§ **Your goal**
Your answer should be the full data, transcribed exactly, with no pictures in it.

§ **The data**
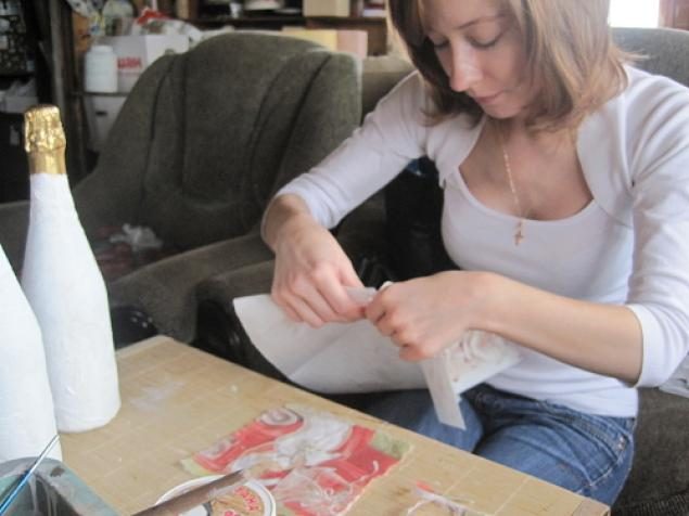 Декор бутылки в технике декупаж
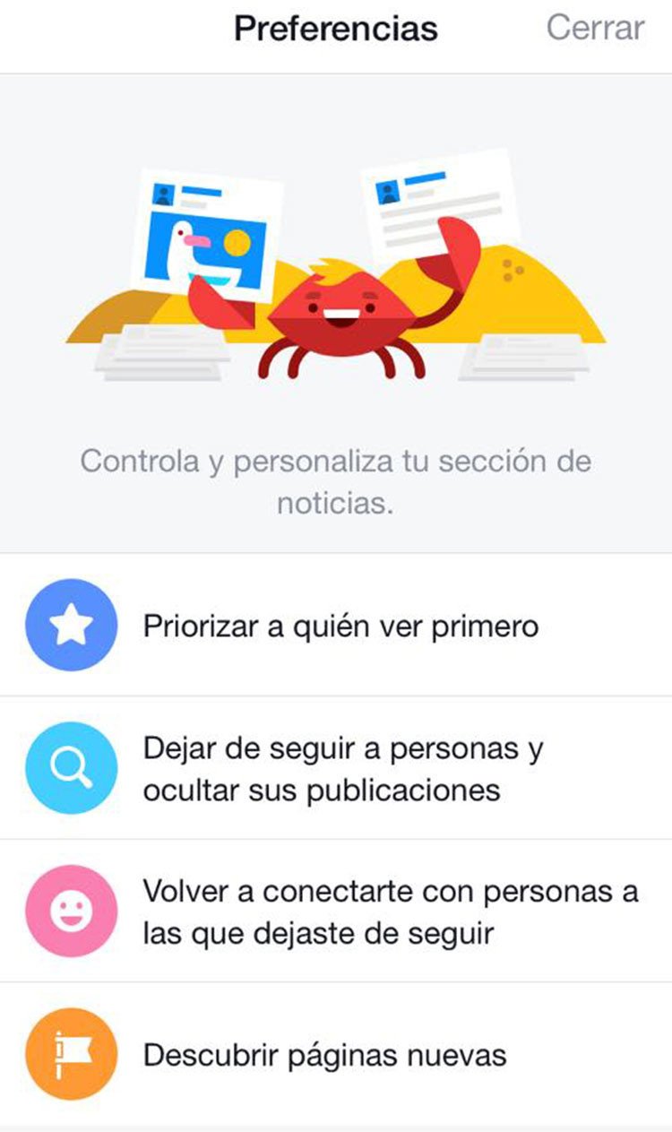 Pero ahora Facebook, utilizado al menos una vez al mes por alrededor de 1.500 millones de personas, ha dado cierto grado de control al usuario, quien puede elegir qué historias desea leer más, suscribirse a notificaciones de una página preferida y excluir actualizaciones de las que no le interesan.
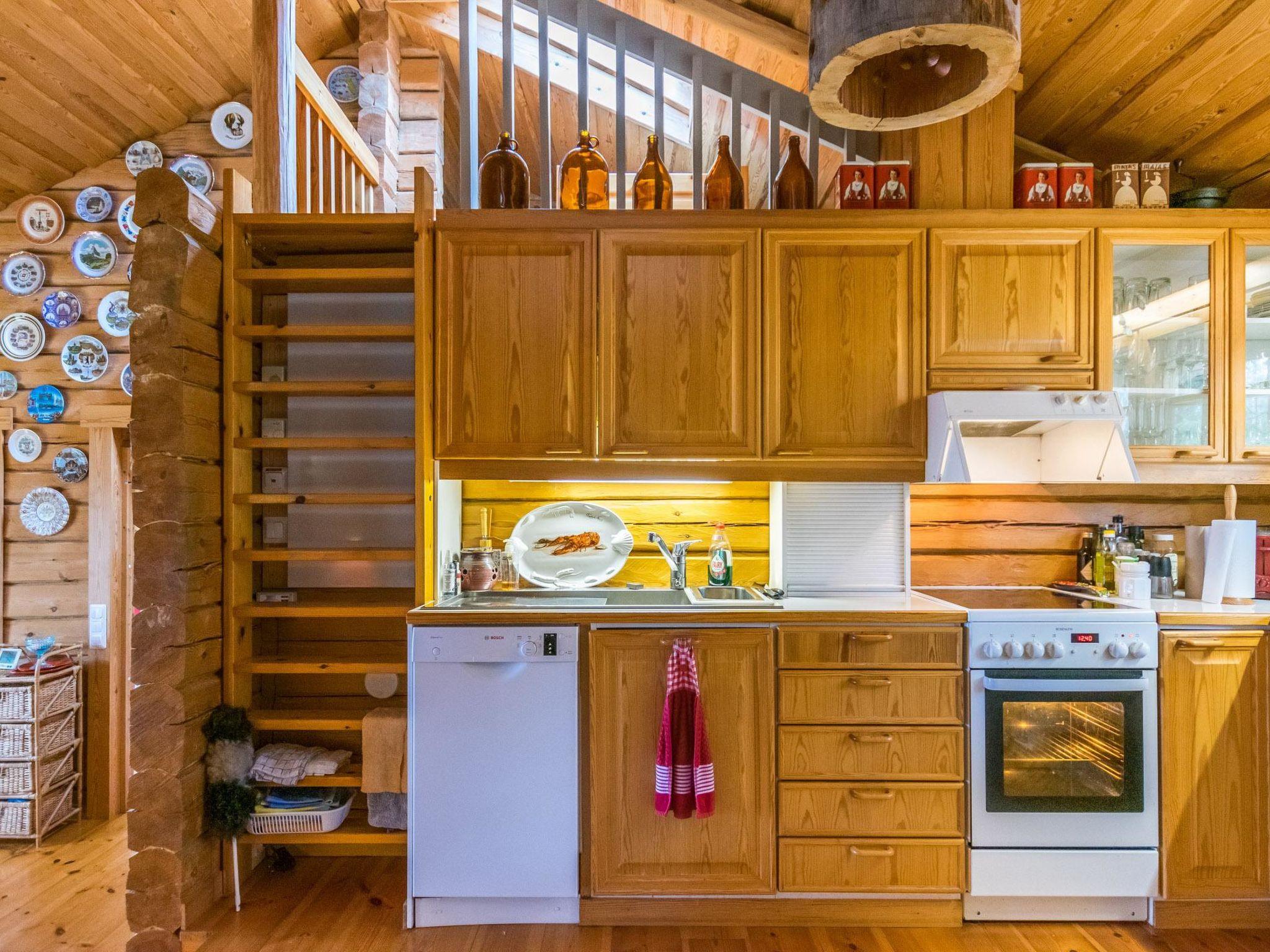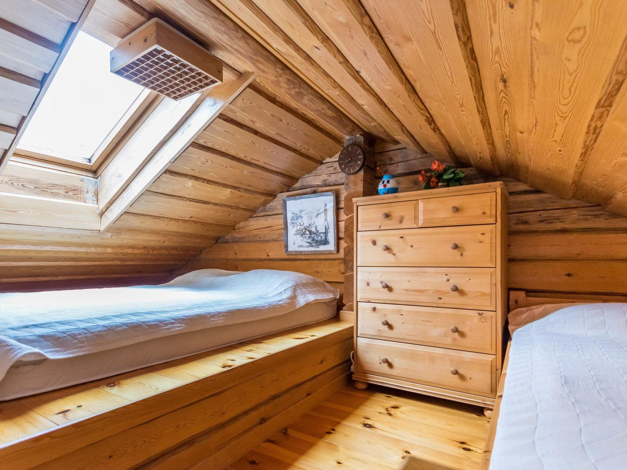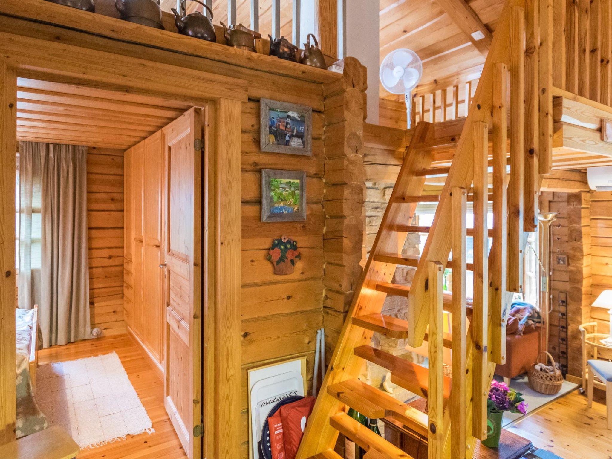 A log cottage (1998), living room and kitchen. Bedroom with a double bed (160 cm), and a sleeping alcove with one bed (120 cm). In addition, two lofts, one loft with two beds and the other with one bed. Indoor toilet. The fireplace is a cast iron hearth with a glass door.
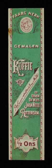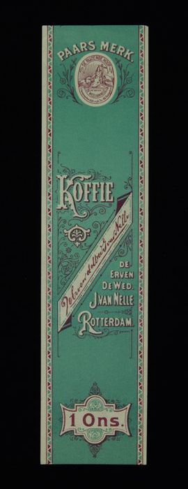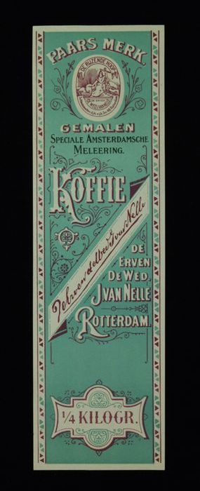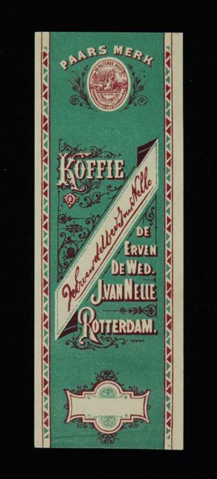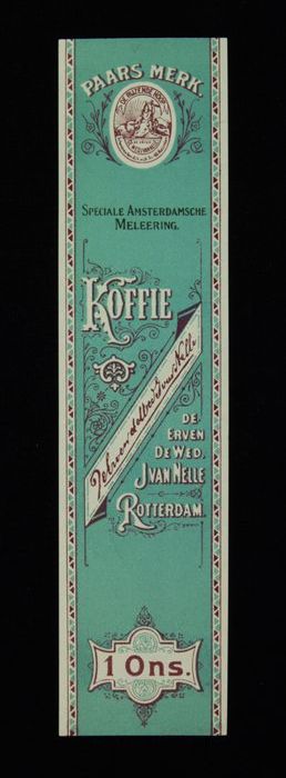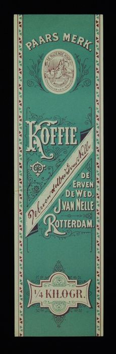 Blauw, papieren label VAN NELLE PAARSMERK KOFFIE, 25...

§ **Answer space**
 Декор бутылки в технике декупаж
 Pero ahora Facebook, utilizado al menos una vez al mes por alrededor de 1.500 millones de personas, ha dado cierto grado de control al usuario, quien puede elegir qué historias desea leer más, suscribirse a notificaciones de una página preferida y excluir actualizaciones de las que no le interesan.
 A log cottage (1998), living room and kitchen. Bedroom with a double bed (160 cm), and a sleeping alcove with one bed (120 cm). In addition, two lofts, one loft with two beds and the other with one bed. Indoor toilet. The fireplace is a cast iron hearth with a glass door.
 Blauw, papieren label VAN NELLE PAARSMERK KOFFIE, 25...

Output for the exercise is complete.